Challenges ahead To stay relevant for the long term, however, ski areas also have to rethink their marketing, said Art Webb of BCF Marketing, who consults for several East Coast ski areas and works with the Aspen Bumps for Boomers program. While the ski areas need to focus on the younger generations to build a future, he said, boomers are their most crucial audience in the present. “I think the ski industry is struggling right now with a little bit of a paradox, which is that the boomers are definitely aging out of the category but there are still a lot of boomers spending a lot of money,” he said.

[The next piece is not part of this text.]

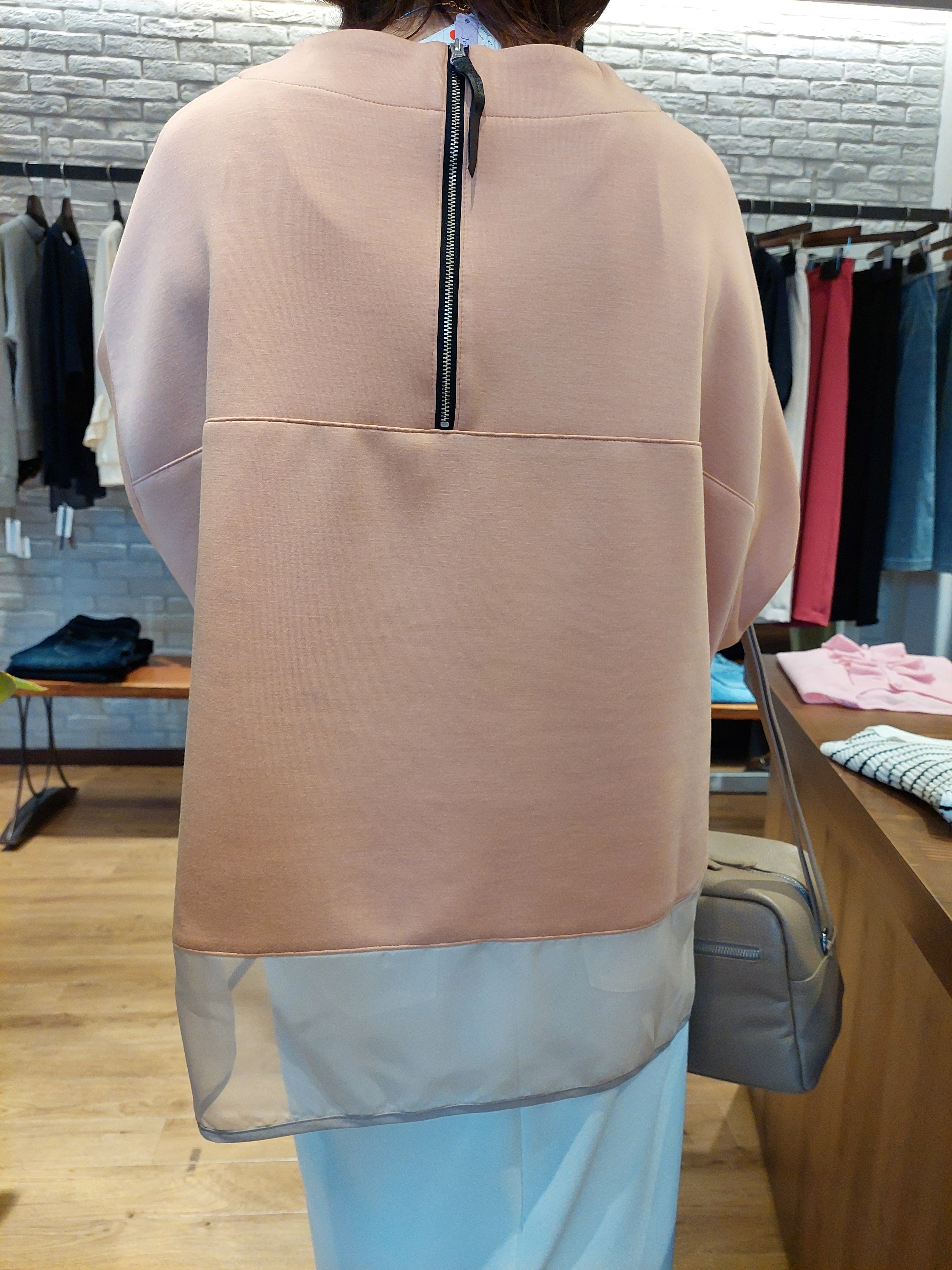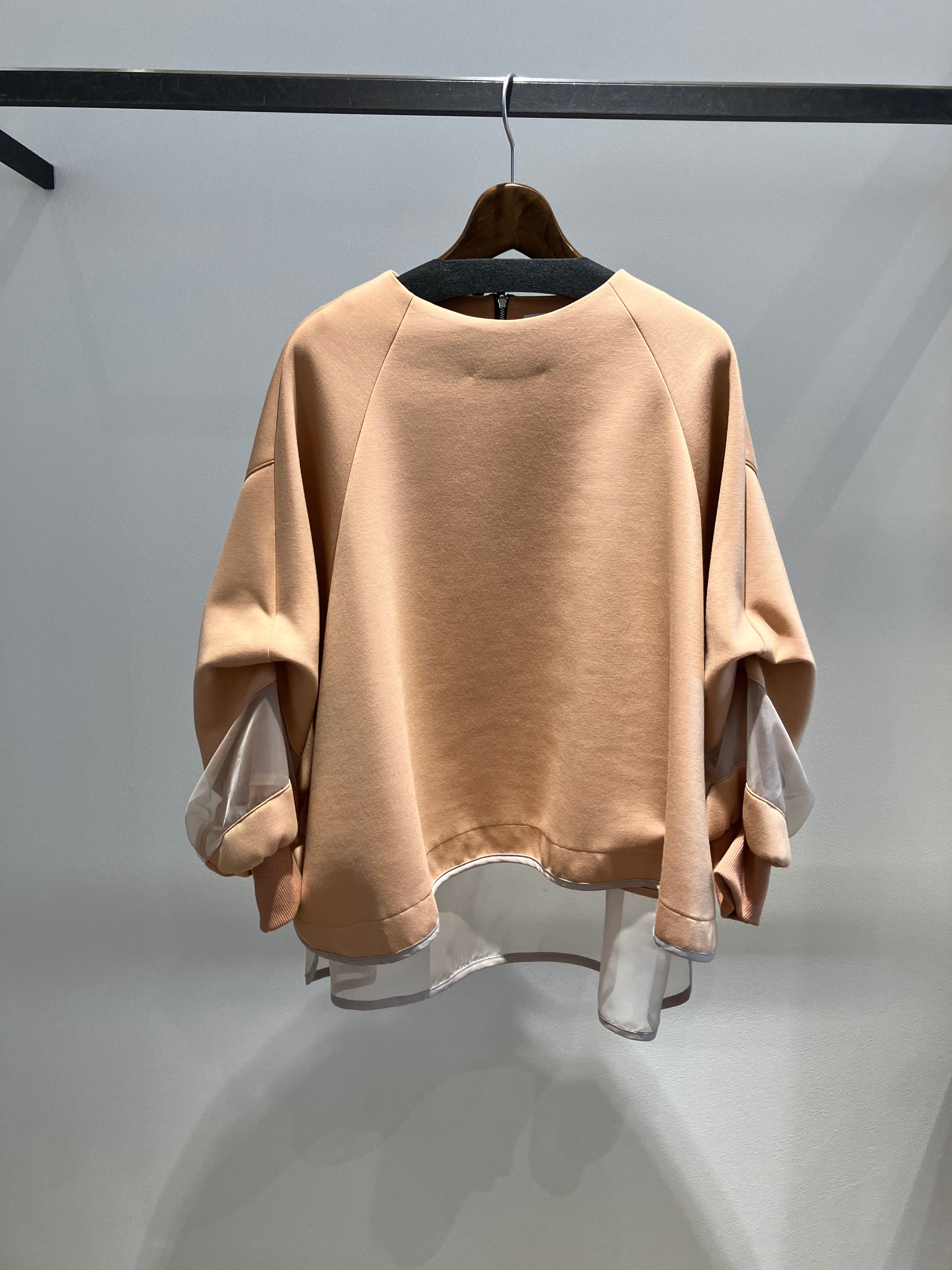 袖にはオーガンジーをドッキングし、透けで抜け感をプラス。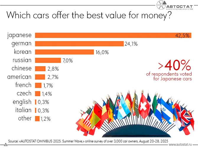 在购车与用车决策中,俄罗斯消费者普遍将价格、品质和可靠性视为最关键的指标。AUTOSTAT于2025年8月对逾3000名车主开展的在线问卷显示,在“最具性价比、品质最好、最可靠的汽车”这一综合评价上,日本品牌以42.5%的得票率遥遥领先,体现出其在可靠性与耐用性方面长期积累的口碑;德国品牌以24.1%位居第二,更被视为兼具质量与驾驶感受的选择;韩国品牌获得16%支持率,凭借相对合理的价格与配置被认为是折中之选。本土俄罗斯品牌虽然在价格上具有优势,但在综合认知上仅获7%的票数,而中国品牌的支持率为2.8%,略高于美国品牌的2.7%,说明在许多俄罗斯消费者心中,中国车在可靠性和品质形象方面仍处于“追赶者”位置。这一调查结果揭示了当前俄罗斯消费者对不同来源品牌的心理分层,为理解其购车偏好提供了重要参考。

Coming out of the recession, Webb said, boomers have been the least affected in terms of real wealth. He said Generation Y is saddled with high credit card debt, while Gen X is feeling the pinch of unemployment. At the same time, he said, “Unemployment [among] boomers has decreased. There are fewer unemployed boomers now than before the recession, so what you have is a group of people who still have a lot of money.” One of the problems for the ski industry, he said, is that it tends to market itself through the lens of youth, “and as a result, it is missing a pretty substantial mark.” “Twenty and 30 years ago, when the 80 million boomers in North America were in their 20s and 30s, and when the number of people under the age of 50 was nearly double the number of people over 50, you could get away with the bias of youth, because there were way more people under the age of 30,” Webb said. “Now there are as many people over 50 as there are under 50, and the people over 50 have the money,” he said. “Seventy-two percent of our nation’s wealth is in the hands of people over 50.”

Because of that, he said, ski areas need a dual-pronged marketing program to keep the wealthy boomers coming back while building interest among their children, who have cheaper alternatives, such as urban skating parks, than baby boomers ever had when they were seeking an adrenaline rush in their 20s. “They need a two-barreled shotgun,” he said of the resorts. “You need programs like Bumps for Boomers for older-skier retention because if you can get another two or three years out of that skier, you’re talking $20,000 to $30,000 in revenue … and they need to be thinking about what they can do on an industrywide basis to launch a greater effort in attracting skiers to the sport.” The ski resort industry, he said, enjoyed perfect market conditions with baby boomers when demand was high and supply wasn’t. Peering into the future, he sees the industry entering the beginning of a 10-year trough as boomers drop off and smaller and poorer successive generations are unable to fill the gap. “Skiing is not a rational proposition,” he said. “It is emotional. The industry as a whole tends to focus very much on what they’ve got: how many blue runs, how many blacks, how many quads [chairlifts] as opposed to the emotional payload of the experience. They’ve lost sight of marketing the magic of ski.”